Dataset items

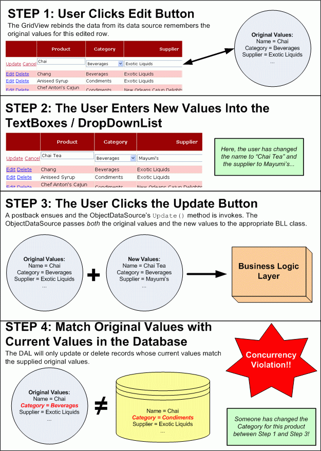 Optimistic concurrency control works by ensuring that the record being updated or deleted has the same values as it did when the updating or deleting process started. For example, when clicking the Edit button in an editable GridView, the record's values are read from the database and displayed in TextBoxes and other Web controls. These original values are saved by the GridView. Later, after the user makes her changes and clicks the Update button, the original values plus the new values are sent to the Business Logic Layer, and then down to the Data Access Layer. The Data Access Layer must issue a SQL statement that will only update the record if the original values that the user started editing are identical to the values still in the database. Figure 2 depicts this sequence of events.
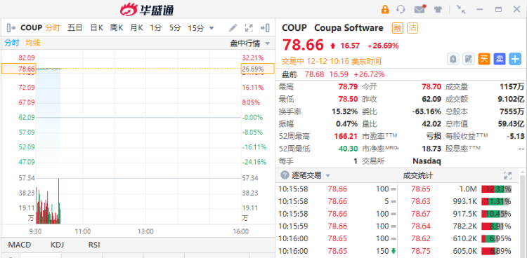 Coupa Software $COUP 涨超26.69%,该公司已与私募股权公司Thoma Bravo达成了一项协议,将被后者以每股81美元的现金收购,较周五收盘价溢价30.4%。
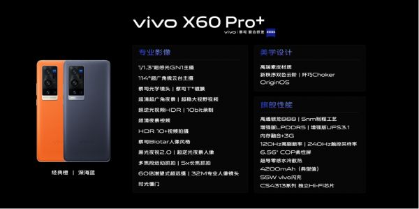 最前线 | vivo发布专业影像旗舰X60 Pro+:蔡司镜头+骁龙888,售价4998元起
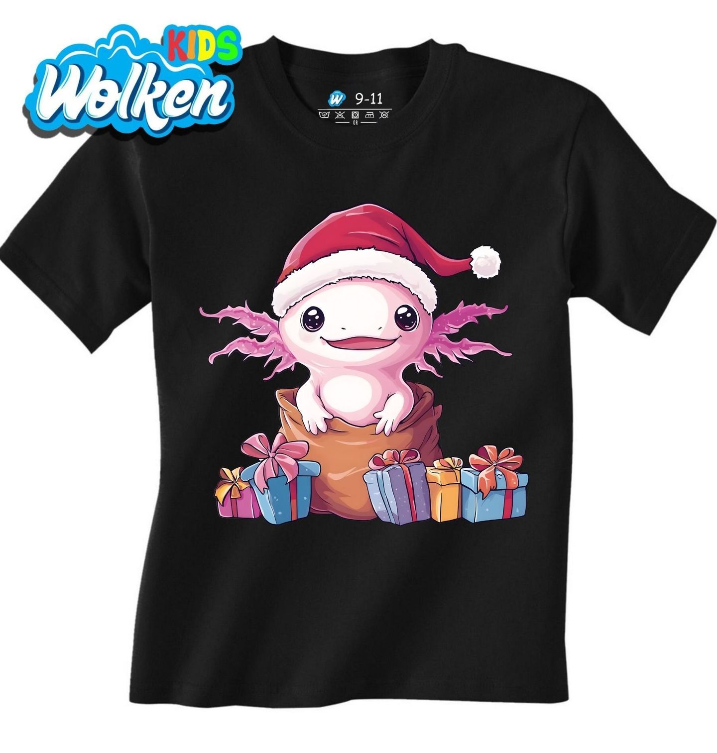 Dětské tričko Vánoční Axolotl v Pytli Dárků. Roztomilý axolotl s typickými růžovými žábrami vykukuje z vánočního pytle a rozdává radost! Má na hlavě santovskou čepici a je obklopený barevnými dárky s mašlemi – zkrátka ideální motiv, pokud hledáte něco originálního a trochu neobvyklého na Vánoce.
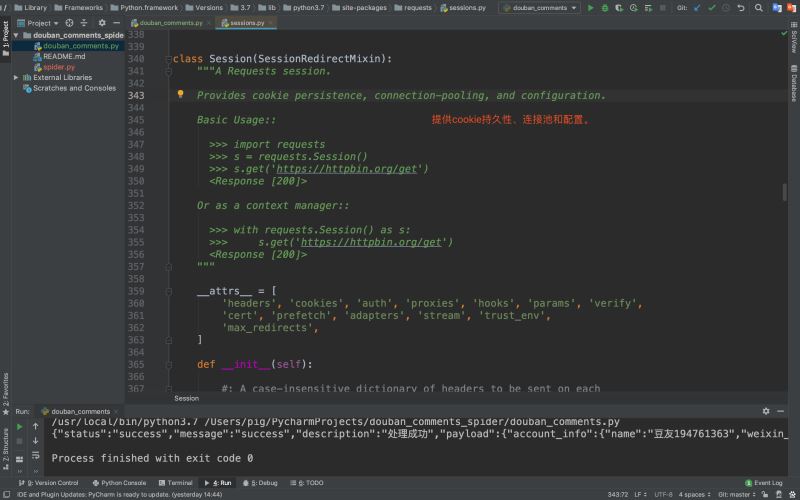 我們可以看到發(fā)起請(qǐng)求的對(duì)象變成了session對(duì)象,它和原來(lái)的requests對(duì)象發(fā)起請(qǐng)求方式一樣,只不過(guò)它每次請(qǐng)求會(huì)自動(dòng)帶上Cookie,所以后面我們都用Session對(duì)象來(lái)發(fā)起請(qǐng)求!
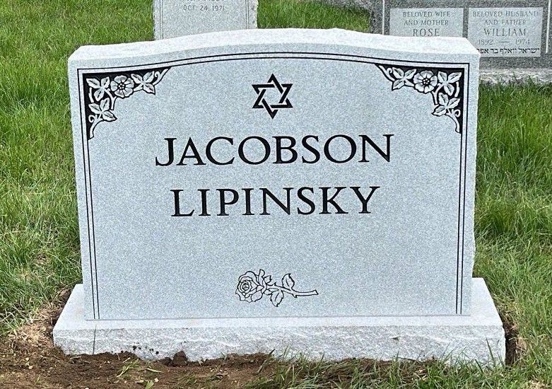 Southern Georgia Gray Granite family monument. Polished front, natural serpentine top and natural sides, sandblasted family name in panel, frosted star of David and double v-line border.
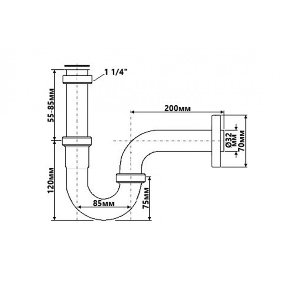Опис Сифон для умивальника трубний без зливу 11/4х32 мм 215-M хромований PREMIUM
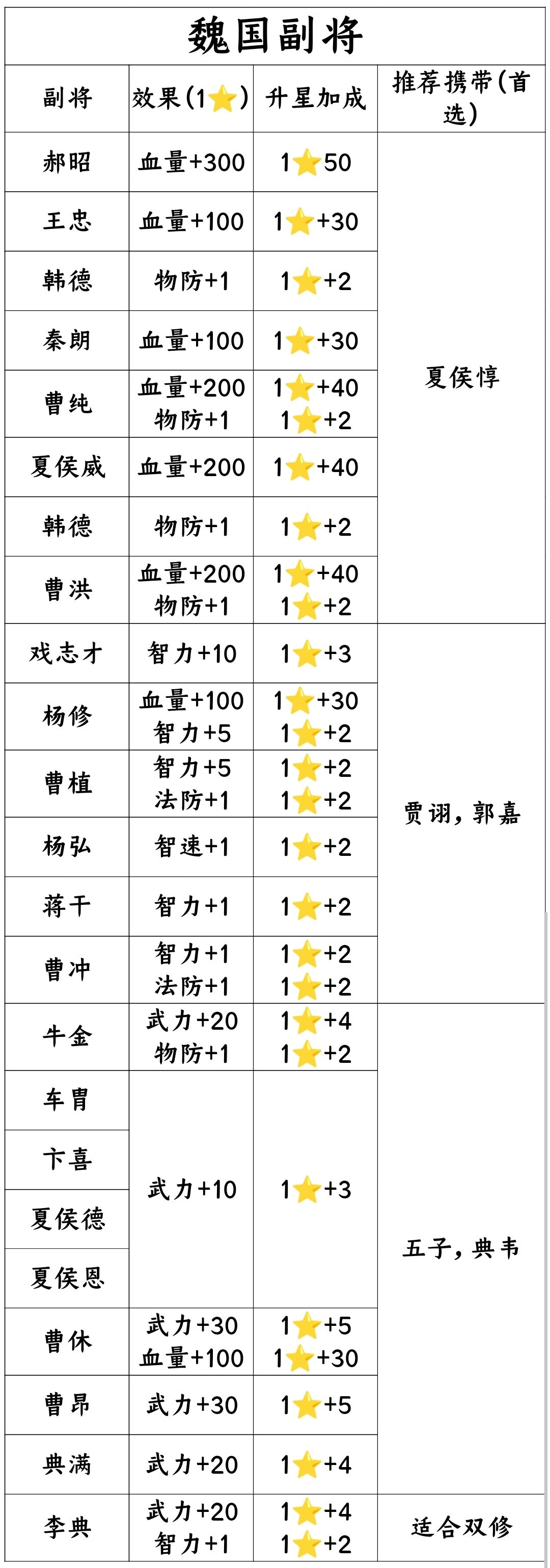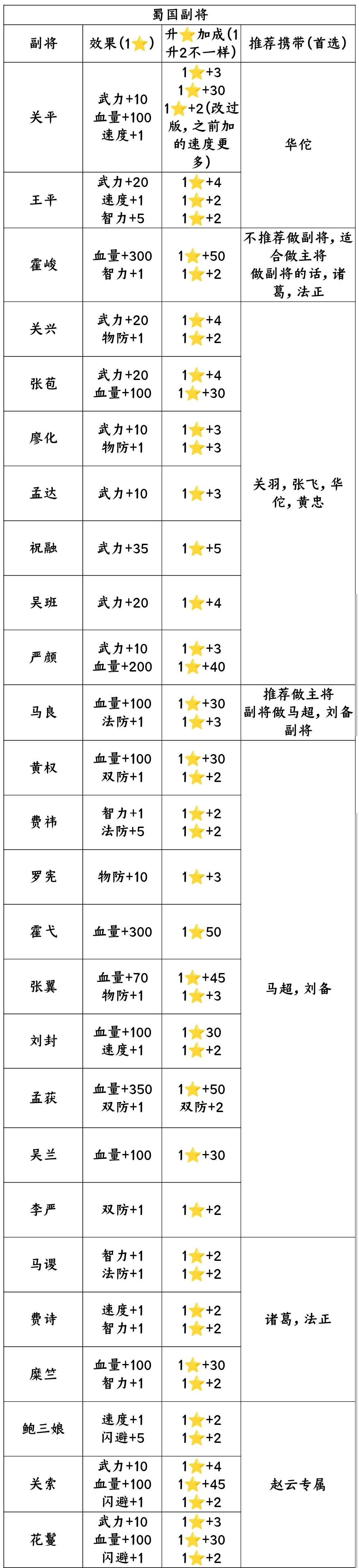 综上所述,武修和双修首选+武力的副将,法修首选+智力得副将,肉盾首选+血量,+物防,+法防的将

● **Assignment**
Each line from the start of the entries above through the line with "Dětské tričko Vánoční" should be duplicated exactly, leaving out the pictures.

● **Answer area**
 Optimistic concurrency control works by ensuring that the record being updated or deleted has the same values as it did when the updating or deleting process started. For example, when clicking the Edit button in an editable GridView, the record's values are read from the database and displayed in TextBoxes and other Web controls. These original values are saved by the GridView. Later, after the user makes her changes and clicks the Update button, the original values plus the new values are sent to the Business Logic Layer, and then down to the Data Access Layer. The Data Access Layer must issue a SQL statement that will only update the record if the original values that the user started editing are identical to the values still in the database. Figure 2 depicts this sequence of events.
 Coupa Software $COUP 涨超26.69%,该公司已与私募股权公司Thoma Bravo达成了一项协议,将被后者以每股81美元的现金收购,较周五收盘价溢价30.4%。
 最前线 | vivo发布专业影像旗舰X60 Pro+:蔡司镜头+骁龙888,售价4998元起
 Dětské tričko Vánoční Axolotl v Pytli Dárků. Roztomilý axolotl s typickými růžovými žábrami vykukuje z vánočního pytle a rozdává radost! Má na hlavě santovskou čepici a je obklopený barevnými dárky s mašlemi – zkrátka ideální motiv, pokud hledáte něco originálního a trochu neobvyklého na Vánoce.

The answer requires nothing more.